Sunday, October 02, 2005

one year

Damn blogger for being down. My rather rare impulse to post has been thwarted repeatedly over the last few days by a combination of fever, exhaustion, work, and blogger. One year and two days ago I submitted my thesis. It seems impossibly long ago, in so many ways, and just yesterday in others.

Application season is upon me, and I'd like to ask a perhaps overly reasonable question. Why do all of these institutions insist on slightly different versions of the same thing? For the past few days, I've been negotiating demands for "no more than a 2 page research proposal" and "four to six pages on your research." With "a single spaced page on your teaching interests" and "no more than three double spaced pages on your teaching interests, including two proposed courses for our perverse departmental requirements." Admittedly the departments and institutions demanding these things all want to feel special, but they ultimately all want the same damn thing - someone good, who will fit well. And all I'm saying, as I re-invent myself (and the wheel) over and over and over and over again, is "I'm good! Check me out! I'll fit well!" But the process is vastly over-complicated by the niggling differences between requirements, when the expectations are in fact identical. It's a bloody cottage industry, not a process.

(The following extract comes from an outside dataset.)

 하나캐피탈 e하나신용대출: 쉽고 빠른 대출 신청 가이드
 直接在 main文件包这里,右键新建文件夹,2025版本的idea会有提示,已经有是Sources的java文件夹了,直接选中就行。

Not to mention "submit online," "submit 3 hard copies by post," and "submit online and 5 copies by post." These are post-docs, while the wheels of time turn closer to proper jobs, and some of them have an application fee, which I find utterly reprehensible. How _dare_ they ask 20 or 30 dollars of me for consideration? From the (disheartening) numbers they provide on the websites, these postdoctoral fellowships receive 400 or 1000 applications for 4 positions. There is no fucking way (pardon my French) that the 12,000 or 30,000 dollars in application fees is necessary to pay for the processing of these applications. Plus it's not as if the private institutions in question are in any way underfunded.

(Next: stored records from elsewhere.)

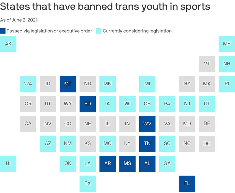 Eight states this year have banned transgender kids from playing on sports teams that match their gender identity, per data from the ACLU and bipartisan LGBTQ advocacy group Freedom For All Americans.
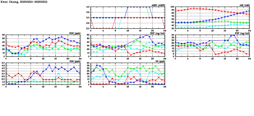 | Air Quality Data Time Series in Kwai Chung (2020/02/13) | ( Line colors: Day -3 Day -2 Day -1 Current day ) | 2D Map Current AQHI |
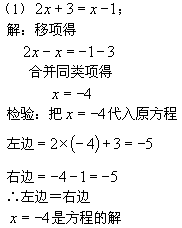 【教法说明】通过以上两题进一步印证移项这种变形的规律,即“移项要变号”.要使学生认清这里的移项是把某项从方程的一边移到另一边而不是在同一边交换位置,弄懂解方程的书写格式是方程在变形,变形时保持“左右两边相等”这一数学模式.
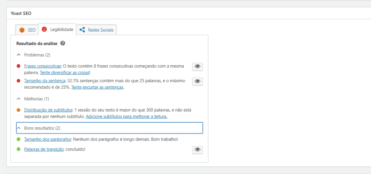 Existem ferramentas e plugins de análise que podem te ajudar a identificar problemas na utilização das palavras de transição. Um dos mais utilizados é o plugin Yoast SEO, pois ele entrega a análise on page completa e também um diagnóstico sobre a legibilidade daquele conteúdo.
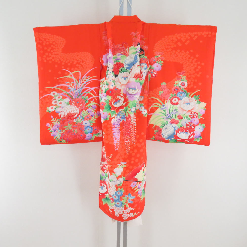 子供着物 女の子用 一つ身 襦袢とセット オレンジ色x多色 花々文様 フォーマル 女児 七五三 祝着 子供きもの 身丈94cm

End rant. A year ago was the last time I was in love. Even in the midst of the craziness of finishing the degree, of applications, of working a shite job, I met someone at the worst possible time and it just worked. I miss that, terribly, as it seems it will continue to be the worst possible time for at least another year or so, yet this time there's a line I can't allow myself to cross. Or there's simply been nobody to cross it for. Normally I withdraw when up against the wall of stress, self-scrutiny, and deadlines. But I remember what it was to go through the process looking out, rather than in, and a large part of me laments the difference this year. "I'm moving to New York. And, oh yeah, I think we should end things." Ineptitude in the break up scene taken to spectacular new lows last November. And ludicrous drama with the woman in question a year ago today. Regrets. I tend to be opposed to them on general fucking principle, but they sneak in around the edges.